Correlation Between Armada Hflr and FDO INV
Can any of the company-specific risk be diversified away by investing in both Armada Hflr and FDO INV at the same time? Although using a correlation coefficient on its own may not help to predict future stock returns, this module helps to understand the diversifiable risk of combining Armada Hflr and FDO INV into the same portfolio, which is an essential part of the fundamental portfolio management process.
By analyzing existing cross correlation between Armada Hflr Pr and FDO INV IMOB, you can compare the effects of market volatilities on Armada Hflr and FDO INV and check how they will diversify away market risk if combined in the same portfolio for a given time horizon. You can also utilize pair trading strategies of matching a long position in Armada Hflr with a short position of FDO INV. Check out your portfolio center. Please also check ongoing floating volatility patterns of Armada Hflr and FDO INV.
Diversification Opportunities for Armada Hflr and FDO INV
-0.26 | Correlation Coefficient |
Very good diversification
The 3 months correlation between Armada and FDO is -0.26. Overlapping area represents the amount of risk that can be diversified away by holding Armada Hflr Pr and FDO INV IMOB in the same portfolio, assuming nothing else is changed. The correlation between historical prices or returns on FDO INV IMOB and Armada Hflr is a relative statistical measure of the degree to which these equity instruments tend to move together. The correlation coefficient measures the extent to which returns on Armada Hflr Pr are associated (or correlated) with FDO INV. Values of the correlation coefficient range from -1 to +1, where. The correlation of zero (0) is possible when the price movement of FDO INV IMOB has no effect on the direction of Armada Hflr i.e., Armada Hflr and FDO INV go up and down completely randomly.
Pair Corralation between Armada Hflr and FDO INV
Considering the 90-day investment horizon Armada Hflr is expected to generate 2.38 times less return on investment than FDO INV. But when comparing it to its historical volatility, Armada Hflr Pr is 4.1 times less risky than FDO INV. It trades about 0.03 of its potential returns per unit of risk.
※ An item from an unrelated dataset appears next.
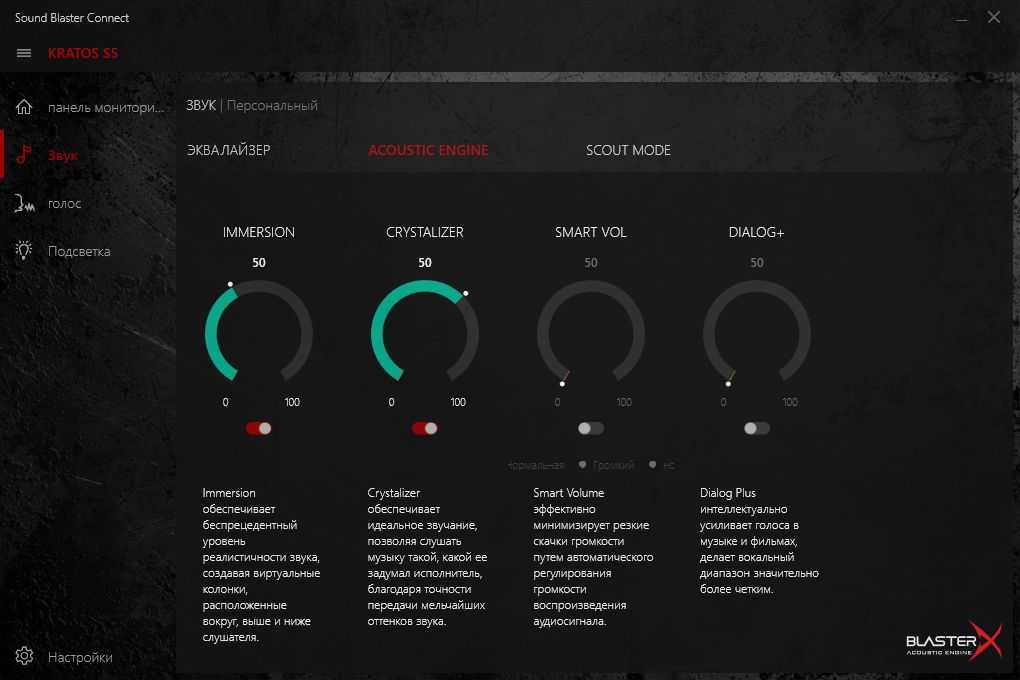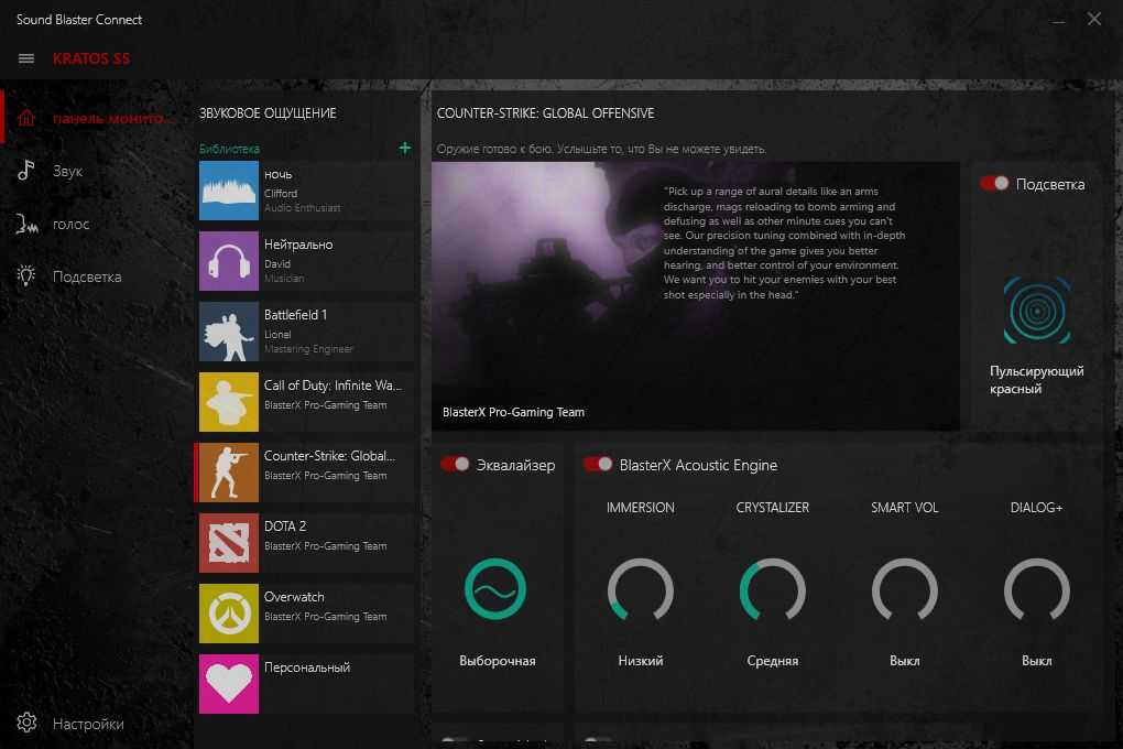 Чтобы изменить настройки звуковых режимов на компьютер потребуется установить программу Sound Blaster Connect и перейти в раздел BlasterX Acoustic Engine Pro. Кроме того, в программе есть уже готовые пресеты для видеоигр (Call of Duty: Infinite Warfare, Battlefield 1, DOTA 2, Overwatch и CS:GO), ответственные за создание максимально реалистичного звучания на виртуальном полигоне выбранной игры. В случае чего — пресеты можно индивидуально подстроить под себя или создать новые.

FDO INV IMOB is currently generating about 0.02 of returns per unit of risk over similar time horizon. If you would invest 8,480 in FDO INV IMOB on September 15, 2024 and sell it today you would earn a total of 20.00 from holding FDO INV IMOB or generate 0.24% return on investment over 90 days.
Time Period | 3 Months [change] |
Direction | Moves Against |
Strength | Insignificant |
Accuracy | 95.24% |
Values | Daily Returns |
Armada Hflr Pr vs. FDO INV IMOB
Performance |
Timeline |
Armada Hflr Pr |
FDO INV IMOB |
Armada Hflr and FDO INV Volatility Contrast
Predicted Return Density |
Returns |
Pair Trading with Armada Hflr and FDO INV
The main advantage of trading using opposite Armada Hflr and FDO INV positions is that it hedges away some unsystematic risk. Because of two separate transactions, even if Armada Hflr position performs unexpectedly, FDO INV can make up some of the losses. Pair trading also minimizes risk from directional movements in the market. For example, if an entire industry or sector drops because of unexpected headlines, the short position in FDO INV will offset losses from the drop in FDO INV's long position.Armada Hflr vs. Modiv Inc | Armada Hflr vs. Precinct Properties New | Armada Hflr vs. Global Net Lease | Armada Hflr vs. NexPoint Diversified Real |
FDO INV vs. BTG Pactual Logstica | FDO INV vs. Plano Plano Desenvolvimento | FDO INV vs. Companhia Habitasul de | FDO INV vs. FDO INV IMOB |
Check out your portfolio center.Note that this page's information should be used as a complementary analysis to find the right mix of equity instruments to add to your existing portfolios or create a brand new portfolio. You can also try the Portfolio Center module to all portfolio management and optimization tools to improve performance of your portfolios.